CONCEPT Cited by 1 source
Bitpacking¶
Definition¶
Bitpacking is the practice of combining multiple sub-byte
elements into a native machine data type (uint8, int32, …) for
storage and transport, unpacking them inside the kernel before
computation. It's required below 8-bit quantization because
4-bit and smaller formats are not natively supported by GPU load
instructions — the memory subsystem can't address 4-bit scalars
directly (Source:
sources/2026-02-12-dropbox-how-low-bit-inference-enables-efficient-ai).
Why it's needed¶
Quantization reduces the per-element bit count — e.g. 4-bit weights represent 16 discrete levels per element. But GPU DRAM is addressed in bytes, caches in cache lines, and MMA units in tiles of native-sized scalars. A raw 4-bit value has no native container. To bridge:
- Two 4-bit elements are packed into a single
uint8 - Eight 4-bit elements fit in a single
int32 - The kernel issues a standard 8/32-bit load, then shifts + masks to recover per-element values for the downstream MMA or dequant step.

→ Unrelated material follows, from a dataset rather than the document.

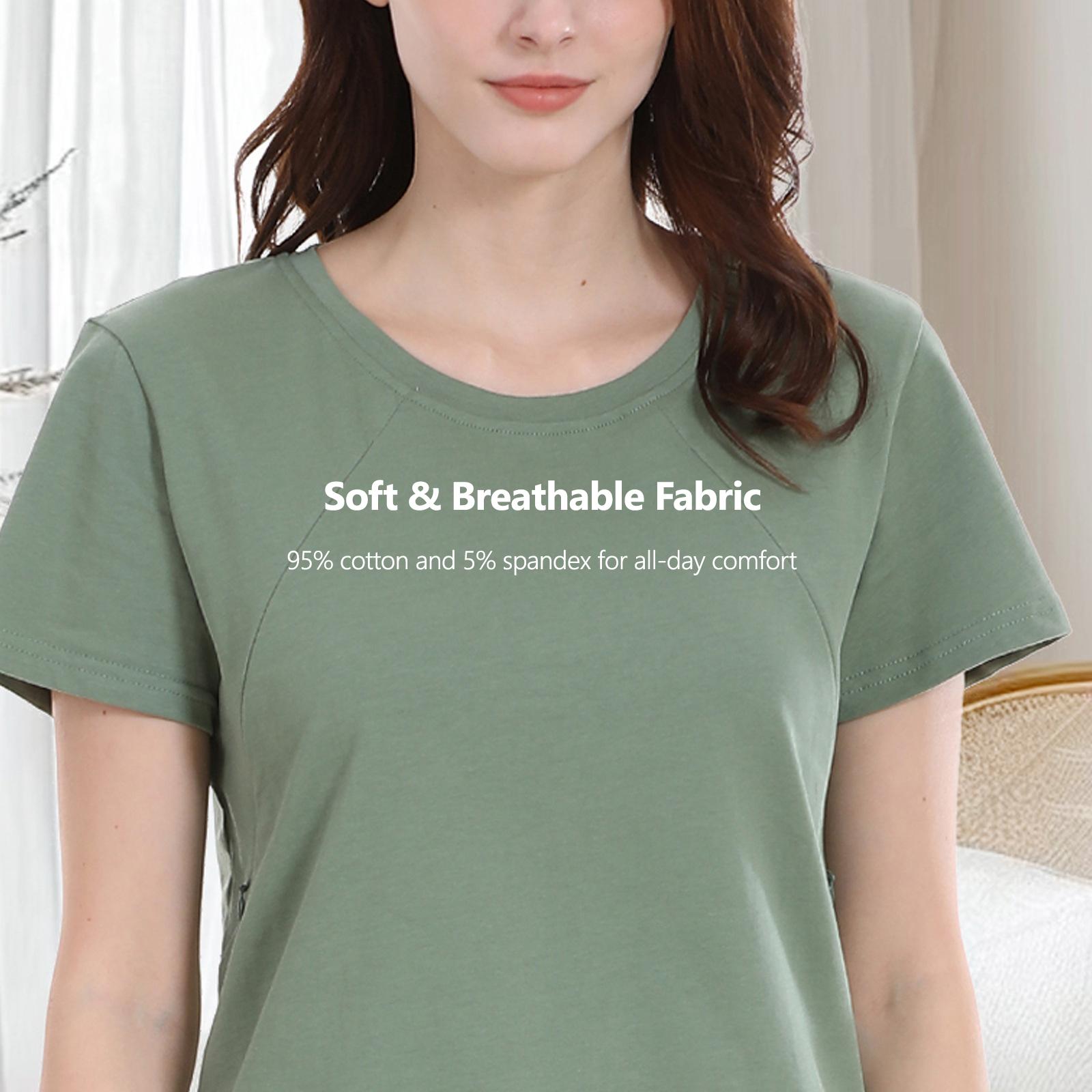 Experience ultimate comfort and convenience with this soft cotton Maternity and Nursing Short Sleeves T-Shirts. Designed for both pregnancy and postpartum, this top features discreet side zipper nursing access for easy and private breastfeeding.

This unpack is near-free in the pre-MMA pipeline but is a real engineering cost: kernel authors must design unpack layouts, register allocation, and per-element extraction that doesn't stall the matrix unit.
Where it sits in the pipeline¶
- Offline (quantization pass). Model weights are rescaled to 4-bit (or other sub-byte bit-width); each element becomes a small integer.
- Packing. Groups of 2 / 4 / 8 sub-byte elements are packed
into
uint8/int32containers, stored contiguously on disk and in device memory. - Kernel load. Standard-width load from DRAM → registers.
- Unpack. Bit shifts + masks extract individual sub-byte elements.
- Dequant or MMA consume. In pre-MXFP formats the unpacked
values then go through explicit dequantization. In
MXFP formats the Tensor
Core instructions consume packed representations directly with
block_scalemetadata.
Why MXFP still uses packing¶
MXFP formats (MXFP8 / MXFP6 / MXFP4 / MXINT8) also store multiple sub-byte elements per container. The difference is that the Tensor Core fuses unpack + scale + MMA into one hardware instruction — bitpacking is still the on-wire layout but no software is involved in the unpack.
Seen in¶
- sources/2026-02-12-dropbox-how-low-bit-inference-enables-efficient-ai — Dropbox names bitpacking as the necessary precondition for sub-8-bit quantization to run on GPUs at all: "quantization to lower than 8 bits typically requires an additional process called bitpacking, where multiple low-bit elements are combined into a native data type such as uint8 or int32."